The devil really is trying to screw with my head right now!! I normally don't have triggers around the holidays anymore...but these last few days have brought up memories from 8 years ago that have me...well...triggered look .

The World Cup is playing now. They were playing 8 years ago...during the time my H was having his A. The United States had gotten out of contention...but the Netherlands was still going strong...so my H and I were rooting for that team since he was over there. After Dday I found that he and the adultery co-conspirator were talking about it too...just like others in that country.

Then there was recently the conviction of 3 people for murder in the downing of MH17 back in 2014...on the same day that my H flew out of the Netherlands. I froze when I saw the date come on the TV screen. It was something that I wasn't expecting to see...and it took me back to that day...when I was so worried about my H's flight.

I know that these triggers aren't anything happening NOW...but lizard brain doesn't care about WHEN...it just cares about the experience duh . I'm doing well...especially since we all have electricity and other things that we didn't have last year after Ida. I have been really excited to get back to having a NORMAL holiday season after these last 2 years of NOT normal!!! It is just seeing these things happening...when they usually aren't in this time frame...it makes me feel like something evil is trying to steal my peace.

I pray for all of us having to go through times like these. The "firsts" are always hard (((HUGS))). Then there are those who have had Ddays around the holidays...which only adds another layer to this heaping pile we have all been dumped in. Life does go on...and it CAN be a happy time again smile . I have the tools to combat this...and I am far enough removed to be able to have peace as well. But even this far out...some things just come up to remind me of a terrible, horrible, no good, very bad day when the world as I knew it...ended sad .

A "perfect marriage" is just two imperfect people who refuse to give up on each other.

With God ALL things are possible (Matthew 19:26)

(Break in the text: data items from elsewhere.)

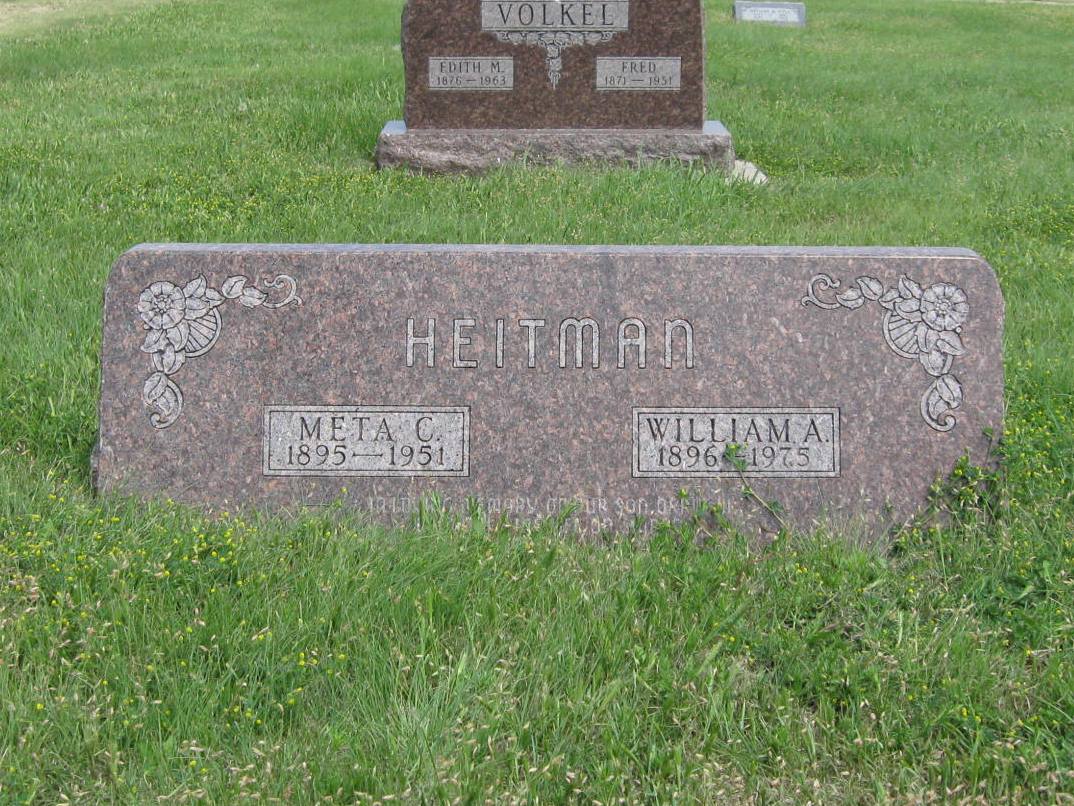 | Heitman | William A. "Bill" | 1896 | 1975 | In loving memory or our son, Orrin W. Hietman; who gave his life on Saipan; June 14, 1944 ; Buried overseas. | Same stone as Meta C. Heitman. | |
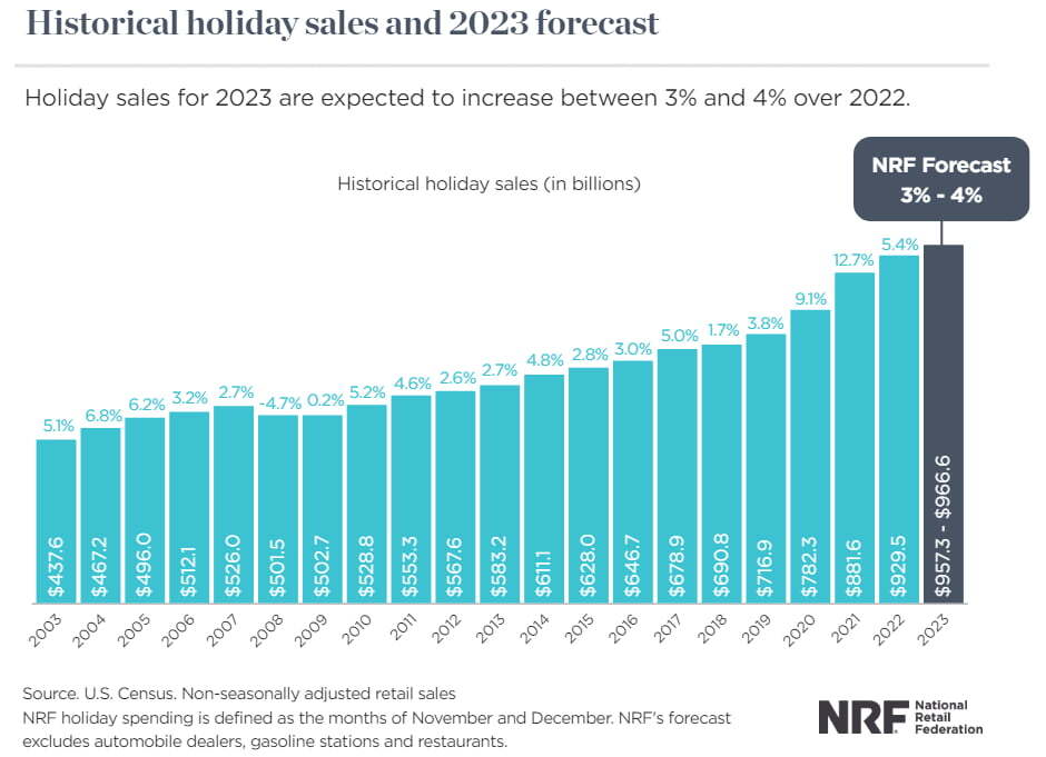 전반적으로는 작년보다는 늘겠지만, 그렇게 강하진 않을 것이란 전망입니다. 전미소매업연맹(National Retail Federation)은 올해 11~12월 연말 쇼핑시즌 지출이 작년보다 3~4% 증가할 것으로 전망합니다. 팬데믹 이후 지난 3년간 증가율(2020년 9.1%, 2021년 12.7%, 2022년 5.4%)에 비해 낮지만, 팬데믹 이전 10년(2010~2019년) 연평균 3.6%와 일치하는 수준입니다. NRF의 매튜 셰이 사장은 "연말 매출 증가율이 팬데믹 이전 수준으로 되돌아가는 것은 놀라운 일이 아니다. 전반적인 가계 재정은 양호하며 소비자의 지출 능력을 계속 지원할 것"이라고 말했습니다.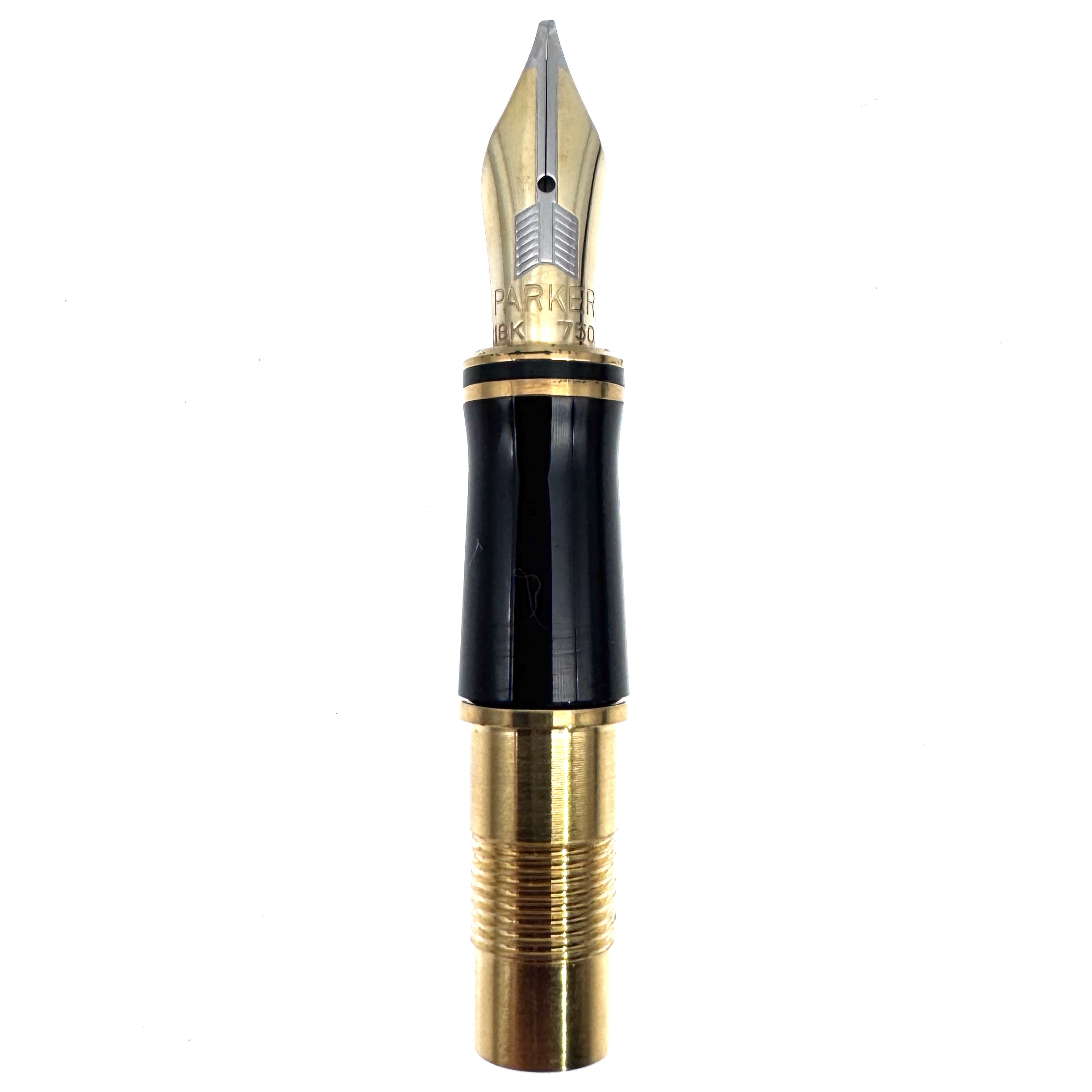 These Parker Duofold International Broad Left Oblique nib units are in very good condition, showing minor plating loss on the leading cap band. They are either marked “B” or “88” on the underside of the feed but both are left oblique cuts, favored by many people who prefer that angle and line width variation for cursive writing.

I AM happy again...It CAN happen!!!

From respect comes great love...sassylee

posts: 6668   ·   registered: Oct. 2nd, 2014   ·   location: Southeastern United States
id 8766449
default

Tanner ( Guide #72235) posted at 3:59 PM on Wednesday, November 23rd, 2022

Those unexpected triggers. My WW left a bar in Addison with a stranger 6/30/2019.

Addison is a small town just north of Dallas and has a lot of bars and restaurants. Anytime I hear Addison it triggers me. Addison has an airport and there was terrible crash there, it killed 10 people. 2 years later on 6/30/2021 the news reported that 10 lives were lost in Addison on 6/30/2019. It triggered the hell out of me, that’s a terrible place and time for those families. I had no idea it was the same day. That date still brings sadness knowing all the loss that happened.

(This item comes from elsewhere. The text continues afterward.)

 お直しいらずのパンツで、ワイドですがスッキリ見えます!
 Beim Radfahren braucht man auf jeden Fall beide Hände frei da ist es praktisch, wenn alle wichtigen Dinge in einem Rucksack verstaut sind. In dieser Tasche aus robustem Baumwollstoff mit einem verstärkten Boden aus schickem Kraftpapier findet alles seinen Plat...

I’m sorry to those that had their holidays ruined by infidelity. My holiday is the 4th of July because the next weekend she lied to me and spent it with AP.

For the record I own Addison and the 4th of July now.

Dday Sept 7 2019 doing well in R BH M 32 years

posts: 3616   ·   registered: Dec. 5th, 2019   ·   location: Texas DFW
id 8766462
default

Hannah47 ( member #80116) posted at 4:35 PM on Wednesday, November 23rd, 2022

The World Cup is playing now. They were playing 8 years ago...during the time my H was having his A. The United States had gotten out of contention...but the Netherlands was still going strong...so my H and I were rooting for that team since he was over there. After Dday I found that he and the adultery co-conspirator were talking about it too...just like others in that country.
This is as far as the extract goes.